Although the entries contain pictures, your copy should hold only their exact text.

Given data:
+++

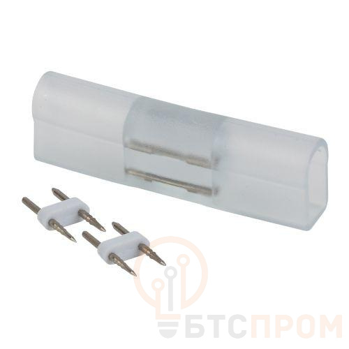 Коннектор светодиодной неоновой ленты необходим для соединения между собой отрезков ленты, наращивания ее длины. Коннекторы позволяют легко соединить между собой участки светодиодной ленты без применения специальных инструментов. Тип разъемов коннектора: игла-игла (жесткий, без провода). Предназначен для неоновых светодиодных лент с напряжением 220 Вольт. Степень защиты IP20.
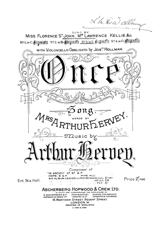 | Extra Information | Published in C major, E♭ major, F major and G major. Cello obbligato by Joseph Hollman. Librettist shown either as Mrs. Arthur Hervey or as Mrs. Hume Webster (her previous married name). |
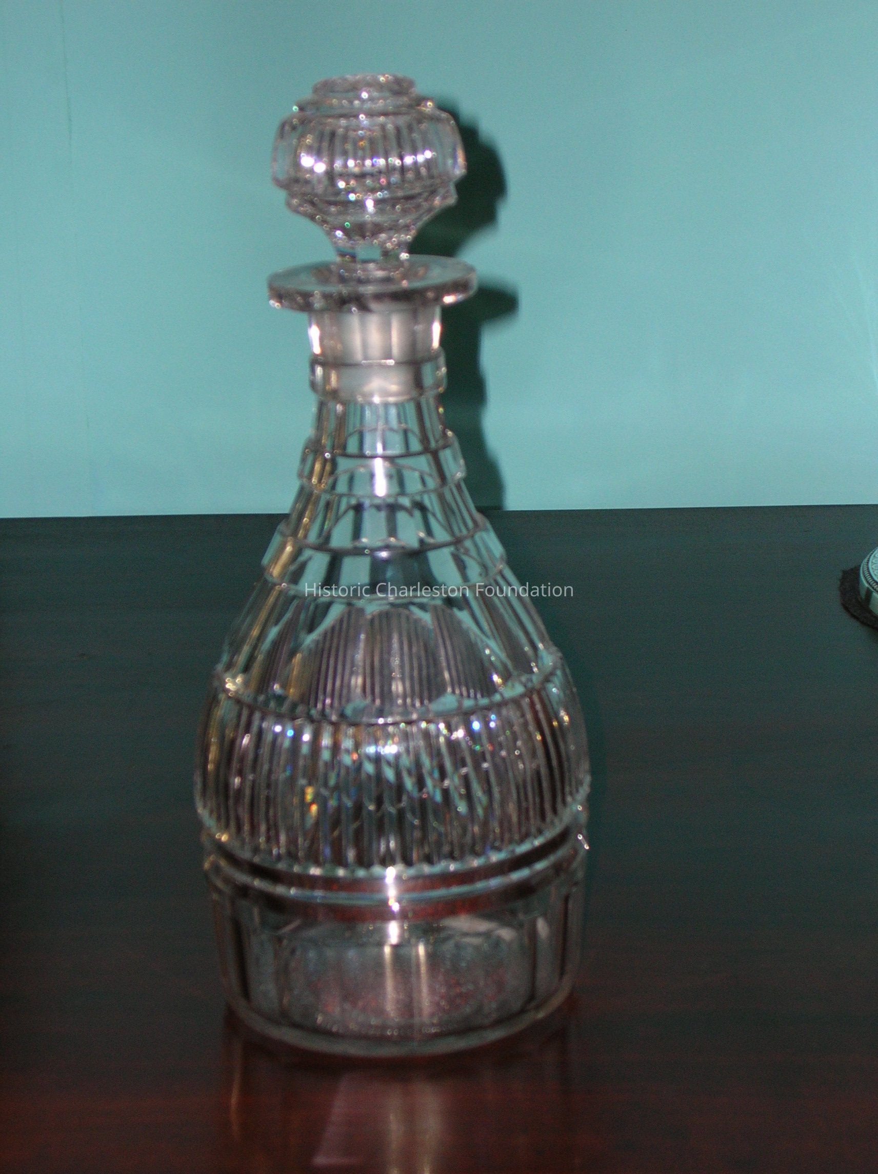 One with Facetted Bands and Vertical Central Panel. Round Stopper with Vertical Cut Edges. Other with Facetted Panels on Upper and Lower Body, Ring Turnings on Neck. Round Button Stopper with Cut Line Decoration
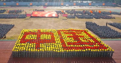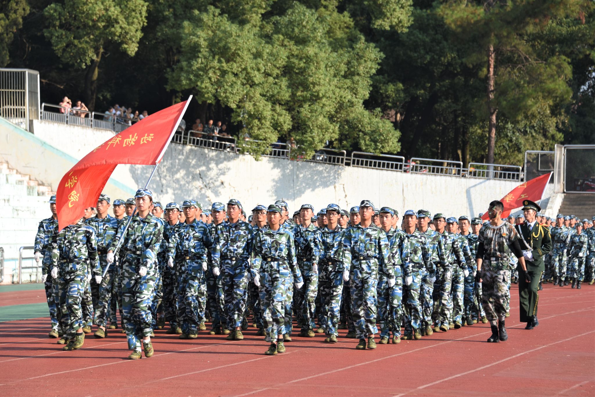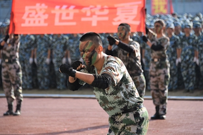 展演连队开始军体拳、刺杀操、盾棍术及队形的演练,同学们斗志高昂,配合默契,出拳虎虎生威,踢腿凌厉有力,精彩的展示赢得现场师生的阵阵掌声。各方阵变换队形,依次摆出了“1949——2019”“70”“不忘初心、牢记使命”等字样和国旗等图案,实力表白伟大祖国。
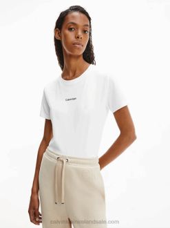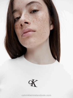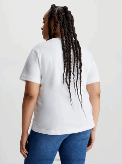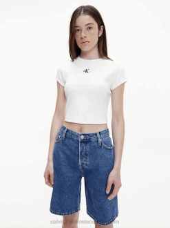 F64Z2389 Bright White Women Calvin Klein Cropped Logo T-shirt
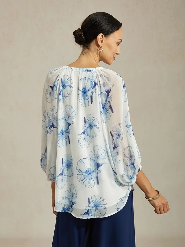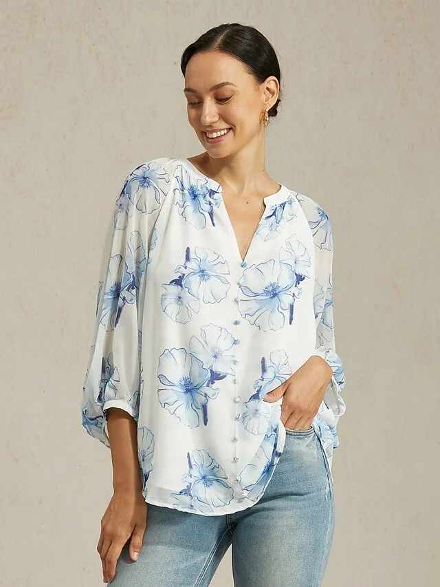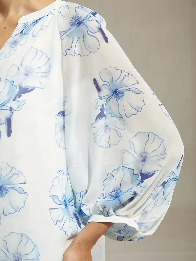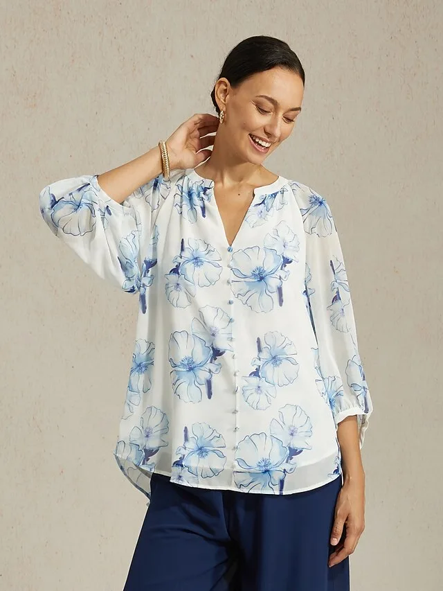 Elegante Chiffonbluse mit Blumendruck und V-Ausschnitt. Stilvoll, luftig und vielseitig für Büro, Alltag und besondere Anlässe.
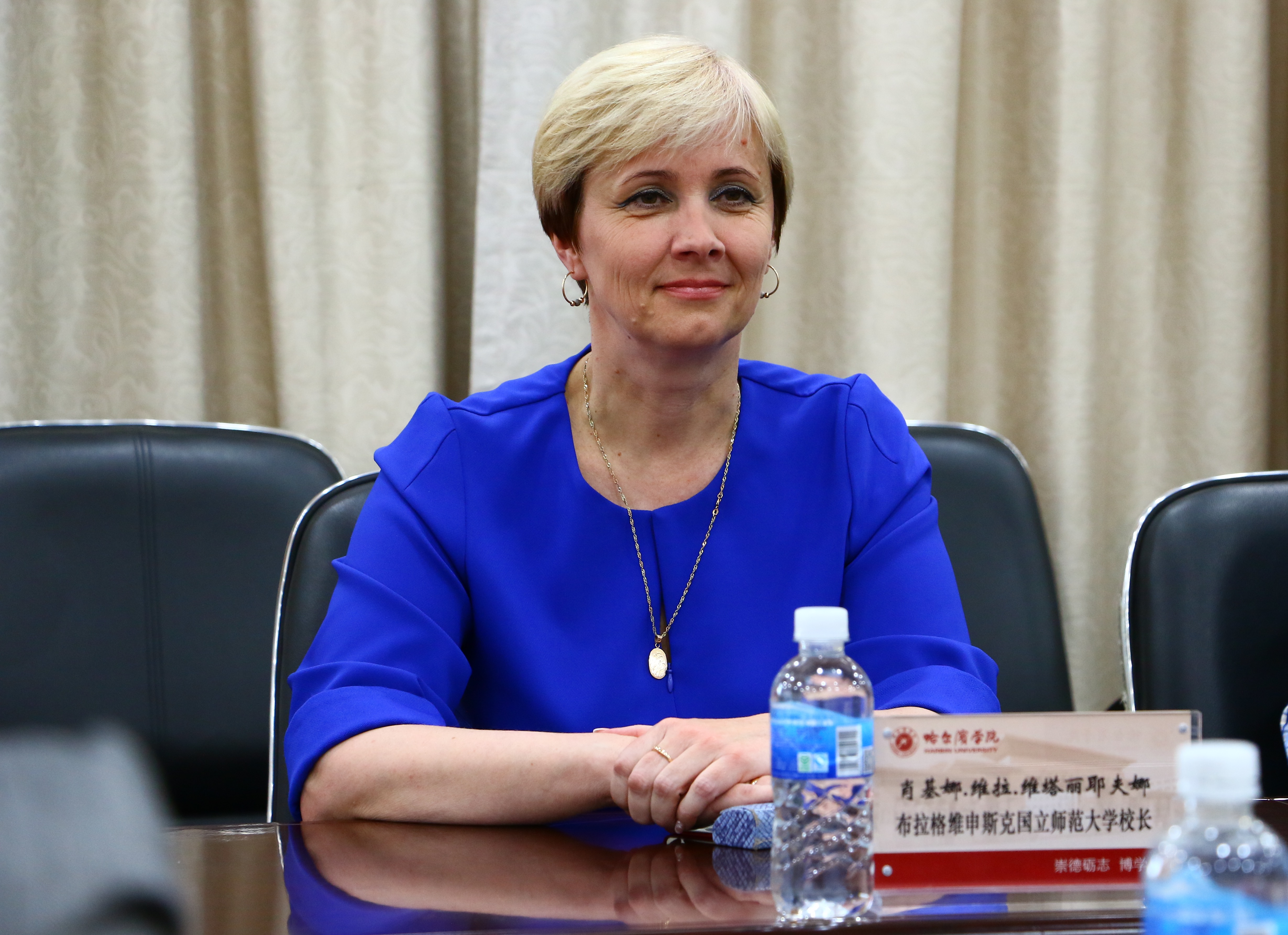 随后,俄方校长肖基娜.维拉维.塔丽耶夫娜女士简要介绍了布师大的办学历史和目前的发展建设情况。她指出,与哈尔滨的高校合作有良好的地缘优势,每年很多高校的专家、学者与布师大有着频繁的学术交流。中国的一带一路政策,不仅为两个国家的发展带来了机遇,同时也为两所学校之间的进一步交流提供了更广阔的平台。希望两校能够保持长期稳定的交流与合作。

+++

Solution to this task:
 Коннектор светодиодной неоновой ленты необходим для соединения между собой отрезков ленты, наращивания ее длины. Коннекторы позволяют легко соединить между собой участки светодиодной ленты без применения специальных инструментов. Тип разъемов коннектора: игла-игла (жесткий, без провода). Предназначен для неоновых светодиодных лент с напряжением 220 Вольт. Степень защиты IP20.
 | Extra Information | Published in C major, E♭ major, F major and G major. Cello obbligato by Joseph Hollman. Librettist shown either as Mrs. Arthur Hervey or as Mrs. Hume Webster (her previous married name). |
 One with Facetted Bands and Vertical Central Panel. Round Stopper with Vertical Cut Edges. Other with Facetted Panels on Upper and Lower Body, Ring Turnings on Neck. Round Button Stopper with Cut Line Decoration
 展演连队开始军体拳、刺杀操、盾棍术及队形的演练,同学们斗志高昂,配合默契,出拳虎虎生威,踢腿凌厉有力,精彩的展示赢得现场师生的阵阵掌声。各方阵变换队形,依次摆出了“1949——2019”“70”“不忘初心、牢记使命”等字样和国旗等图案,实力表白伟大祖国。
 F64Z2389 Bright White Women Calvin Klein Cropped Logo T-shirt
 Elegante Chiffonbluse mit Blumendruck und V-Ausschnitt. Stilvoll, luftig und vielseitig für Büro, Alltag und besondere Anlässe.
 随后,俄方校长肖基娜.维拉维.塔丽耶夫娜女士简要介绍了布师大的办学历史和目前的发展建设情况。她指出,与哈尔滨的高校合作有良好的地缘优势,每年很多高校的专家、学者与布师大有着频繁的学术交流。中国的一带一路政策,不仅为两个国家的发展带来了机遇,同时也为两所学校之间的进一步交流提供了更广阔的平台。希望两校能够保持长期稳定的交流与合作。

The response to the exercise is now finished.